Nell’esperienza quotidiana, quando ci apprestiamo a studiare qualche cosa appresa molti anni prima e poi dimenticata, vediamo che il riapprendimento è più facile rispetto ad altro materiale di eguale difficoltà, ma completamente nuovo.
Questi contenuti mnestici dunque rimangono disponibili, anche se non possono essere richiamati a coscienza. La possibilità di richiamarli a coscienza dipende da un gran numero di variabili, le stesse che avevano influito sulla fissazione.

EMOZIONI E SENTIMENTI

L’emozione è uno stato particolare dell’individuo che si riflette

1. nell’esperienza che egli prova dentro di sè
2. in certe alterazioni nelle attività del suo corpo
3. nel suo comportamento esteriore.

Il sentimento è il “colore” che noi diamo allo stato emotivo.

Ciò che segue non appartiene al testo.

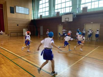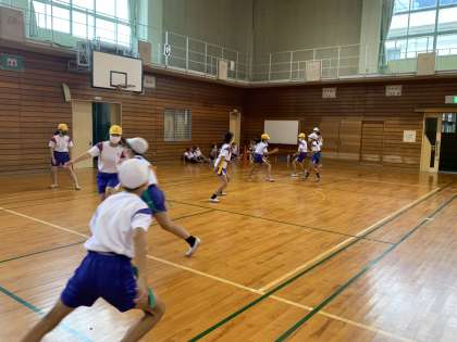 体育の学習で、タグ取り鬼ごっこを行っています。自分のタグを守りながら、相手のタグを取るために作戦を考えていました。
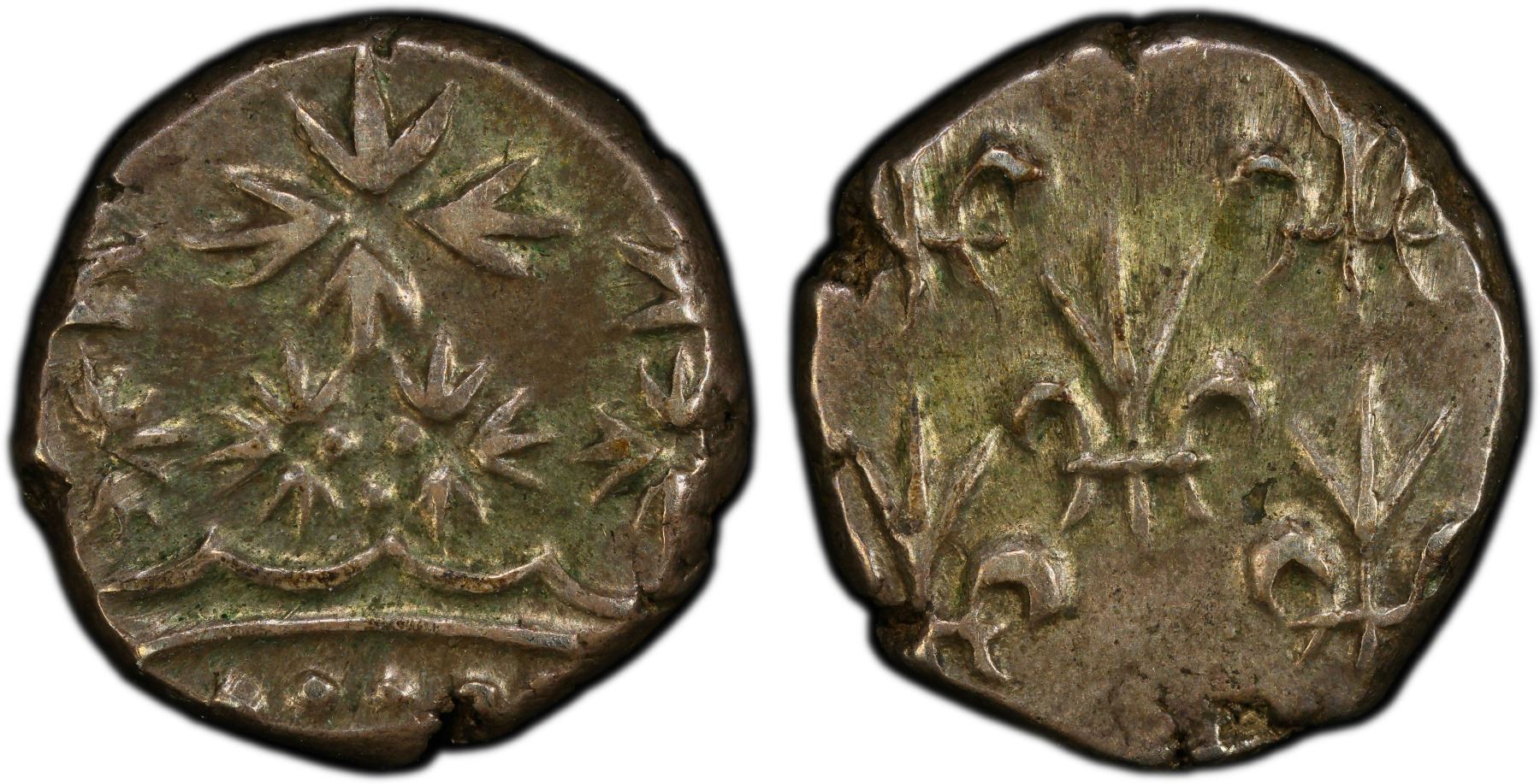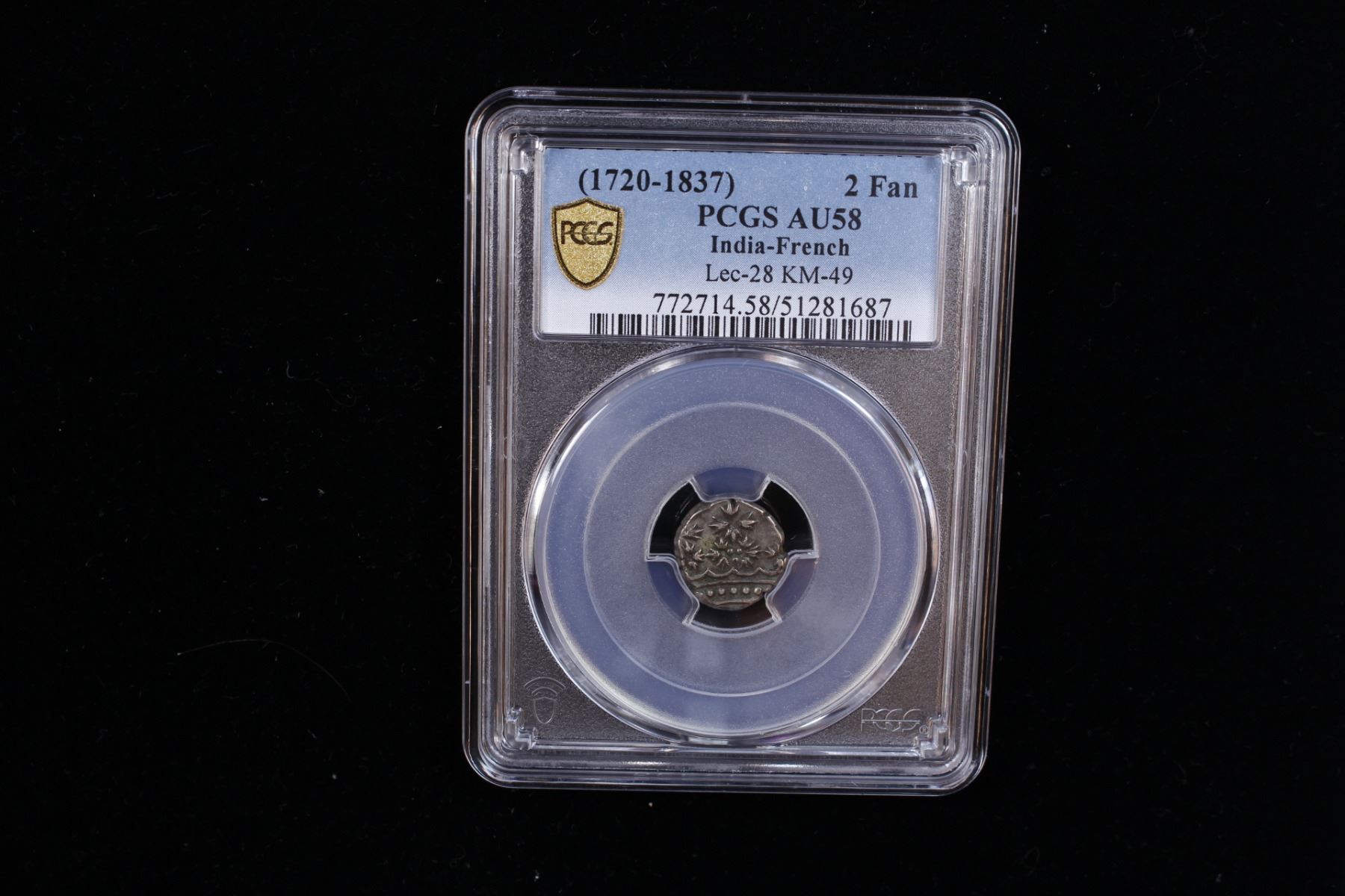 FRENCH INDIA: AR double fanon (2.91g), Pondichery, ND, KM-49, Lec-28, crown // 5 fleurs-de-lis, struck circa 1720-1837, well-centered crown, an attractive nearly mint state example, PCGS graded AU58.

Esperienza soggettiva dell’emozione

Quando una persona è in preda ad un particolare stato emotivo, prova certe sensazioni che possiamo sommariamente definire piacevoli (come gioia, orgoglio…) o spiacevoli (come paura, vergogna…). A volte tuttavia non risulta tanto facile dire se il proprio stato emotivo è piacevole o spiacevole (come nella meraviglia o nella sorpresa), oppure si assiste al paradosso in cui una emozione spiacevole è provata come positiva e desiderabile: è questo il motivo per cui, come è noto, il pericolo attrae, o per cui tante persone vanno a vedere film del terrore anche se sanno che poi avranno paura, e rimangono in uno stato di incresciosa tensione per tutta la durata dello spettacolo.

Alterazioni fisiologiche

Gli stati emotivi di una persona, in genere, sono osservabili anche esteriormente: direttamente, come quando si prende uno spavento e il cuore comincia a martellare più in fretta, o anche per mezzo di strumenti molto sensibili, che rilevano alterazioni del ritmo cardiaco più fini, che non riusciamo ad avvertire, provocati da un leggero stato di tensione.
Le reazioni dell’organismo agli stati emotivi interessano tutti gli apparati, non solo quello cardiaco: si hanno sbalzi della pressione arteriosa, variazioni del contenuto di ossigeno nel sangue, variazioni del ritmo e della profondità del respiro, alterazioni digestive, disturbi nelle secrezioni ghiandolari (aumento del sudore o dell’urina) e così via. Queste alterazioni organiche sono fenomeni comunissimi e non hanno alcuna conseguenza dannosa per l’individuo. Tuttavia un continuo stato di tensione o di allarme può far sì che tali reazioni divengano costanti, stabili, portando a uno stato patologico che non va trascurato (ipertensione arteriosa, infarto cardiaco, emicrania, asma…).
Siamo cioè di fronte a quelle che vengono chiamate malattie psicosomatiche: malattie organiche nelle quali i problemi psicologici sono la causa principale.

Comportamento esteriore

L’individuo in preda a un’emozione si comporta in un modo particolare e osservabile: piange, ride, urla, trema, impallidisce, è eccitato o in uno stato di quiete estatica, il suo volto assume le espressioni più varie, ha un modo di agire che può essere più organizzato del normale o completamente disorganizzato.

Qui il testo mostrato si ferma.